The purpose of the present study was to examine what methods might be employed in translation from English to Swedish of a guidebook on a foreign culture. Vinay and Darbelnet's model for translation strategies, as presented in Comparative Stylistics of French and English. A Methodology for Translation (1995), makes up the primary theoretical basis of the study. It comprises direct translation methods - borrowing, calque and literal translation - and indirect methods - transposition, modulation, equivalence and adaptation. Newmark's solutions for translating metaphors (Newmark 2001) also proved useful - among them paraphrasing, replacing images with their corresponding target language images and omitting the metaphor.
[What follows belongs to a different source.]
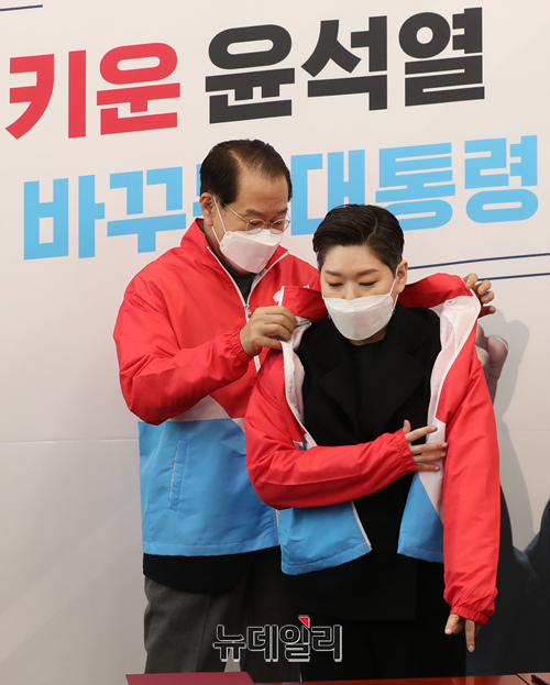 권영세 국민의힘 선거대책본부장과 입당한 독립운동가 백범 김구 선생의 증손인 김영 순천향대학교 의료아이티공학과 연구교수가 21일 오전 서울 여의도 국회에서 열린 입당식에서 기념촬영을 하고 있다. (사진=공동취재단)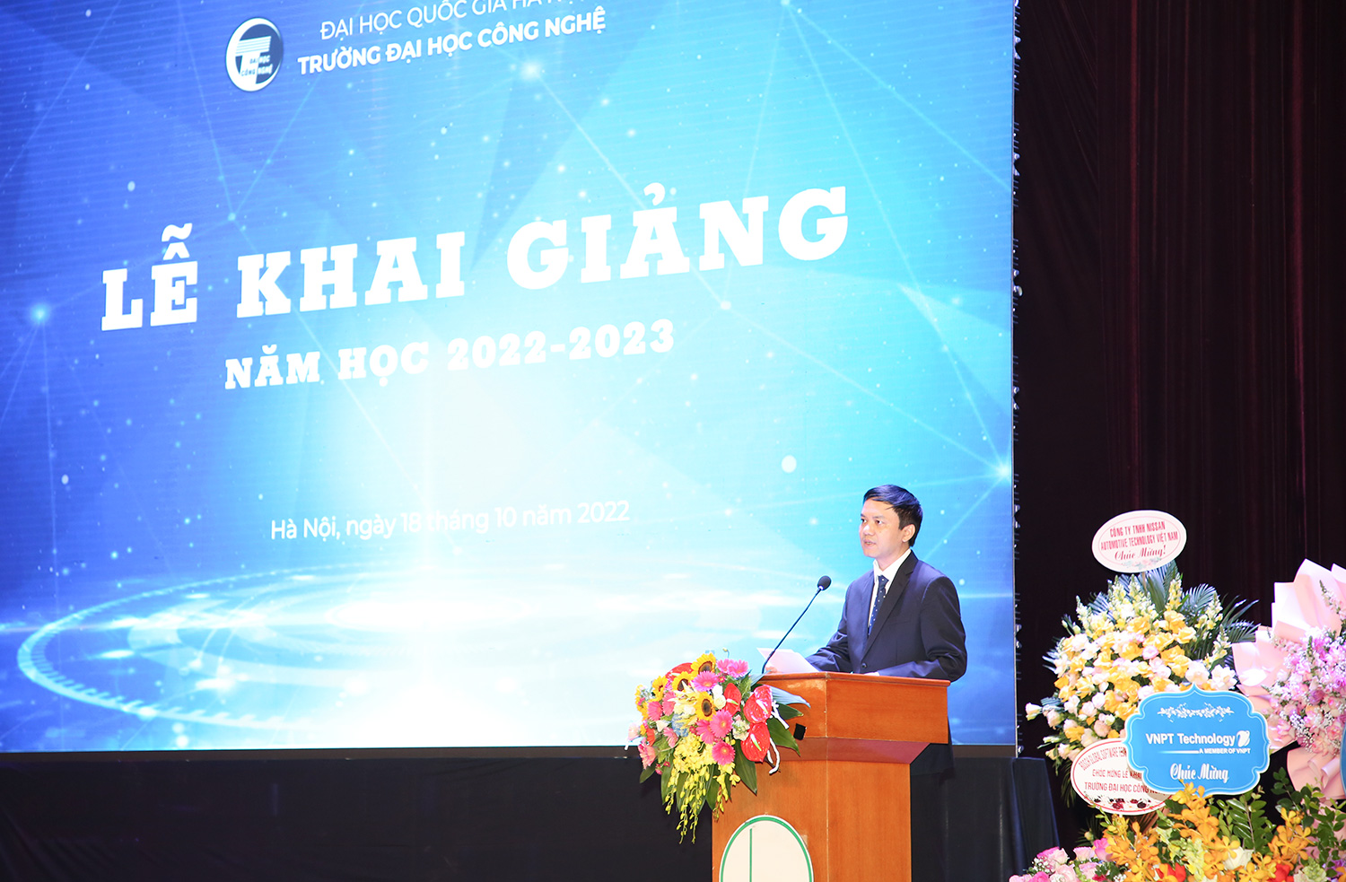 Trong diễn văn khai giảng, PGS.TS Nguyễn Việt Hà – Hiệu trưởng Trường ĐH Công nghệ đã biểu dương và chúc mừng gần 1700 tân sinh viên, 188 tân cử nhân và 17 tân thạc sĩ tham dự lễ khai giảng và nhận bằng tốt nghiệp trong dịp này. PGS đã gửi lời nhắn nhủ tới các tân cử nhân, thạc sĩ tiếp tục thể hiện khả năng, chuyên môn của mình trong chặng đường sắp tới. Hiệu trưởng mong các tân sinh viên luôn giữ lửa say mê ngày đầu nhập trường, noi gương các anh/chị khóa trước để có kết quả học tập tốt nhất. Các bạn hãy luôn giữ được xúc cảm, rung động với thế giới xung quanh mình và tìm được ý tưởng sáng tạo, ý tưởng tươi đẹp, cùng thổi hồn vào công nghệ, làm cho công nghệ kết nối vị nhân sinh. Nhà trường cam kết sẽ luôn đồng hành cùng các bạn suốt hành trình cuộc sống.

To obtain data I translated some passages from Borneo (2008). Different procedures employed were identified along with translation problems. The study deals with the translation of metaphors, deictic time references and various culture-specific phenomena. Most of the above-mentioned strategies were applied, without a recognizable systematic pattern, though. This study, however, merely scratches the surface of this rich and interesting source. To future translation students, guidebooks - due to their great variety of topics, often outlined by different writers, each with an individual style - are likely to offer many interesting translation issues, whether to do with terminology, grammar or stylistics.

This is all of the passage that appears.